ConclusionProperly figuring your break-even cost and establishing a proper selling price is a fundamental calculation that all contractors need to understand. It’s the financial foundation of the company. If it’s done improperly, anything built upon it will be unstable and may collapse…just like a house with a weak foundation. With a firm understanding of the concept of break even and calculating proper selling prices, contractors will help dramatically improve the industry’s pathetic 3% average net profit margin.

A note from the author, Michael Bohinc, CPA:

These days, with the multitude of home improvement stores (Home Depot, Lowes, Menards, etc.) out there, there are no guarantees that you will be selling materials to your customers. There has been an increase of install-only work in the industry. It is more difficult to get higher margins and multipliers on the materials like it was in the past because of these stores. The stores are purchasing such huge quantities of materials from the manufacturers that they are able to offer the items to the general public at prices lower than industry suppliers can purchase them.

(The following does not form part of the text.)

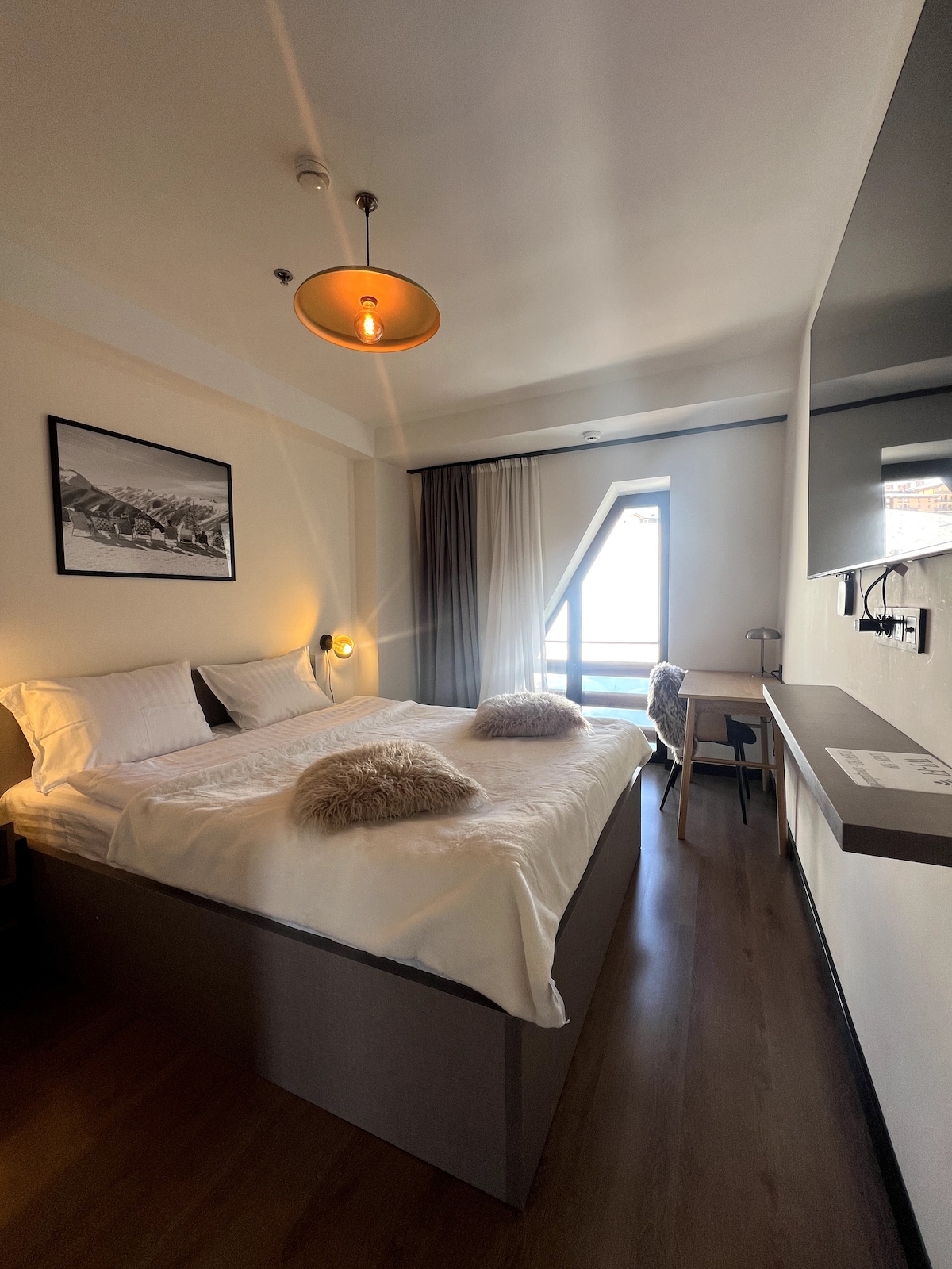 Beautiful chalet atmosphere apartment with panoramic mountain view located in the heart of New Gudauri Ski Resort 2300 m above the sea, in the TWINS Residence. Minimalist design, natural textures and epic view. Enjoy the epic view of the valley of Gudauri and ski run, as well as breathtaking sunsets while taking a hot bath. Mountain streams, the ever-changing sky, herds of livestock with shepherds and unforgettable thunderstorms at night in the summer. Popular Kazbegi is 40 minutes drive away.

The margins on many items have been squeezed significantly over the years because of the proliferation of these home improvement stores.

Because of this situation, I advocate that you recover all of your overhead costs through your labor. Why? If you apply a portion of your overhead costs on the materials you sell, what happens when a customer calls and asks you to install a sink, faucet and garbage disposal for them that they purchased at Home Depot or Lowes? They are supplying the materials for this job so that any overhead cost recovery that you normally apply to your material sales is gone. At this point, it’s tough to go back and cover that in your labor cost for the job. What happens to the job with this overhead shortfall? Who gets “short-changed” in this scenario? The contractor does. I’m not suggesting you don’t apply a margin to the material portion of the sale, just make sure all of the overhead is recovered through the labor portion. Anything you make on the material portion of the sale will go straight to the bottom line.

A couple of notes on this method of overhead cost recovery. If a job is labor-intensive (mostly labor with little or no materials), it’s possible that you may overbid the job because all of the overhead has been recovered through labor. If a job is material-intensive (mostly material with little labor), you may underbid the job and lose money because a low amount of overhead will be recoveredthrough the labor component and no overhead is recovered through the materials. This is why some contractors are using the dual-source overhead recovery method to allocate their overhead costs. Under this method, overhead is recovered (and allocated) to both the material and labor components of the job. Because this method is more complicated and often miscalculated, it is not covered in this overview.